Le fonctionnalisme

 

         L'école fonctionnaliste est bien connue en anthropologie et a été initiée par Malinowski et Radcliffe-Brown entre autres. Elle a ses limites évidentes, encore que sa méthode (l'observation participante développée par Malinowski) soit toujours d'actualité (cf. partie sur "l'observation participante").

On ne s'interrogera pas ici sur la validité de la pensée fonctionnaliste (telle que la définit Claude Rivière dans "Introduction à l'anthropologie, Hachette 1995 : "replacer dans leur contexte social les faits décrits, afin de les interpréter, puis à expliquer un phénomène social par la totalité dans laquelle il s'inscrit et dans laquelle il est postulé avoir une ou plusieurs fonctions ainsi que des relations avec chacun des éléments de l'ensemble …").

Plus prosaïquement, il faut constater à quel point l'ethnomusicologie ou sa vulgarisation recèlent de poncifs fonctionnalistes.

Musiques et/ou chants "utilitaires" ou "fonctionnels" (de chasse, de mariage, de labour, etc.).

S'il est certain que nombre de pièces musicales à travers le monde sont spécifiques à un répertoire de circonstance, on peut néanmoins poser que :

1-  Il n'y a pas davantage de raisons de taxer certaines musiques de "fonctionnelles", dès lors que l'on sait que toutes les musiques obéissent à des fonctions précises.

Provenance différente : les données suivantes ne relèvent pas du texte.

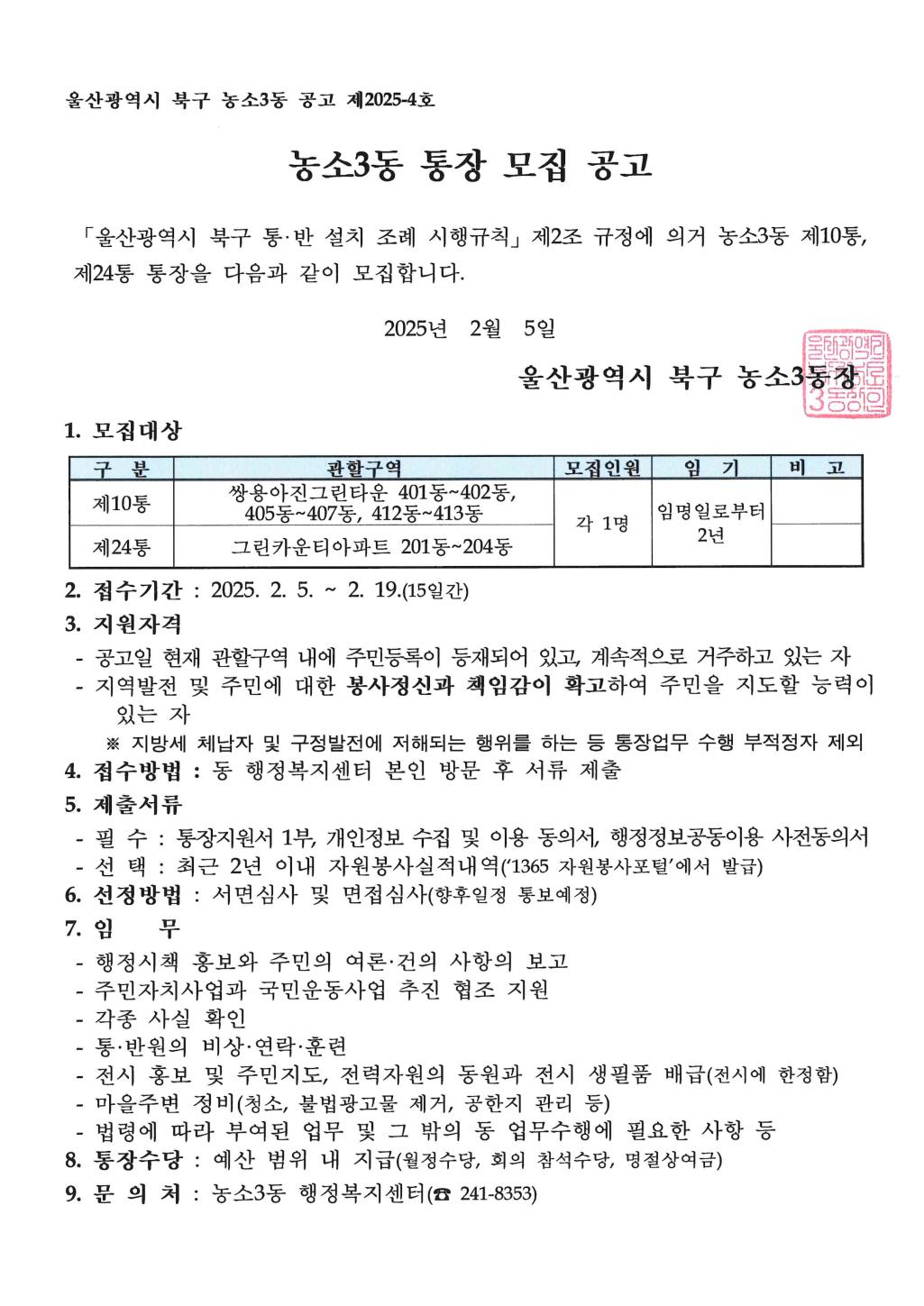★농소3동 통장 공개모집 공고(제10통, 제24통)

Ainsi le kuzu joué par les gbambya d'Afrique centrale pour des cérémonies de deuil n'est pas davantage fonctionnel que la symphonie fantastique jouée par l'orchestre de Radio-France pour divertir et émouvoir son public.

2-  Il est un fait que l'on croit souvent que la fonction esthétique est l'apanage des sociétés dites de "hautes-cultures". A moins de se rallier à l'idée que Lange et Snelleman (in l'Encyclopédie de Lavignac, 1922) se faisaient de l'incapacité de certains peuples à ressentir quoi que ce soit (A propos de la musique des Indes Orientales –Indonésie- : "Les hommes qui se plaisent à cette musique ne possèdent pas ce que nous, habitants de l'Europe, nous appelons l'ouïe artistique musicale …"), comment imaginer qu'un musicien et que ses auditeurs (s'il en a) ne connaît pas le plaisir esthétique ?

Alan P. Merriam (in "The anthropology of music", Evanston, Illinois, Northwestern University Press, 1978) affirme que la musique a ou réalise 10 fonctions essentielles :

- la fonction expressive (exprime, suggère ou provoque des émotions);

- la fonction esthétique (c'est une source d'expérience esthétique);

- la fonction d'amusement;

- la fonction communicative;

- la fonction de représentation symbolique;

- la fonction ou la capacité de provoquer des réponses physiologiques;

- la fonction ou la capacité de renforcer l'acceptation des normes sociales;

- la fonction institutionnelle et religieuse;

- la fonction ou la capacité de contribuer à la stabilité et à la continuité de la culture (renforcer l'identité culturelle);

- la fonction ou la capacité de contribuer à l'intégration de l'homme à la société.

Si le plaisir esthétique de la production et de l'audition musicale sont avérés comme fonction, à quoi bon opposer la musique "fonctionnelle" à celle qui ne le serait pas (puisque c'est souvent cette fonction expressive ou esthétique qui est niée par les fonctionnalistes) ? L'adoption du vocable "musique de circonstance" peut alors paraître préférable.